### Work item
The material below holds pictures; leave them out and reproduce exactly the lines from the one with "72 0B0 Bettermann" through the one with "4、通过搜索功能进行快速的查找,为用户带来了便利,只需要输入音乐的关键词即可。", inclusive.

### Supplied data
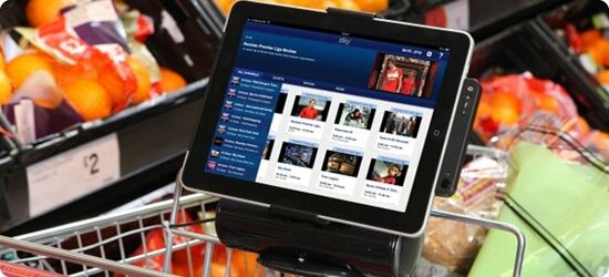 - Сеть супермаркетов в Соединенном Королевстве Sainsbury’s в партнерстве с телевизионной компанией Sky позволяет покупателям смотреть ключевые спортивные мероприятия во время похода по магазинам с помощью встроенного в тележку iPad и динамиков. Тележка Sky Go оснащена поворотным держателем для iPad, динамиками и встроенным аккумулятором с самозаряжающейся панелью из солнечных элементов. Любящие спорт покупатели всего лишь должны скачать приложение поточной передачи Sky Go на свой планшет и затем загрузить его в установочный модуль тележки.
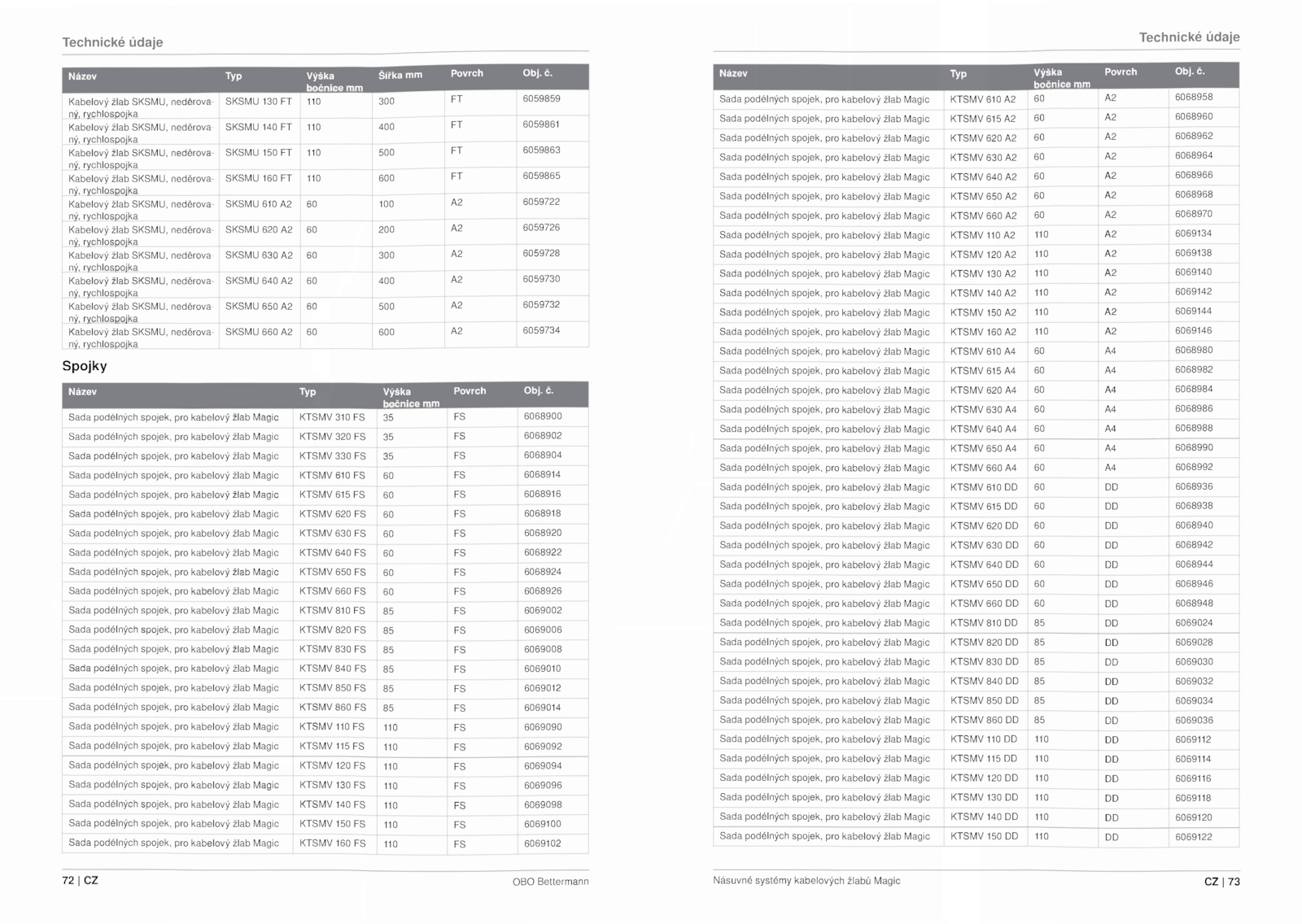 72 0B0 Bettermann Násuvné systémy kabelových žlabů Magie 73
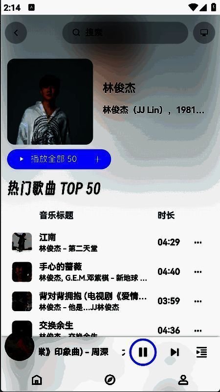 4、通过搜索功能进行快速的查找,为用户带来了便利,只需要输入音乐的关键词即可。
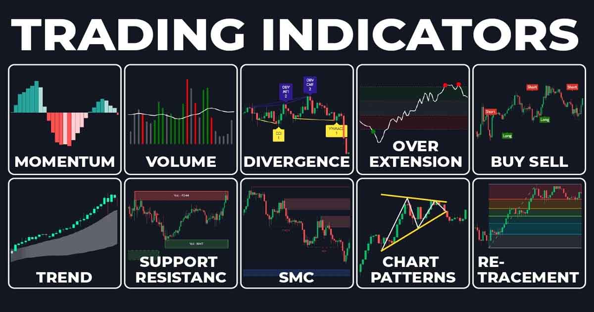 معامله گران میتوانند از اندیکاتوری مختلف برای تولید سیگنالهای خرید یا فروش و شناسایی روندها یا الگوهای بازار استفاده کنند. این ابزارها به طور کلی به دو دسته تقسیم میشوند: اندیکاتورهای همپوشان و اندیکاتورهای اسیلاتور.

### Your response
 72 0B0 Bettermann Násuvné systémy kabelových žlabů Magie 73
 4、通过搜索功能进行快速的查找,为用户带来了便利,只需要输入音乐的关键词即可。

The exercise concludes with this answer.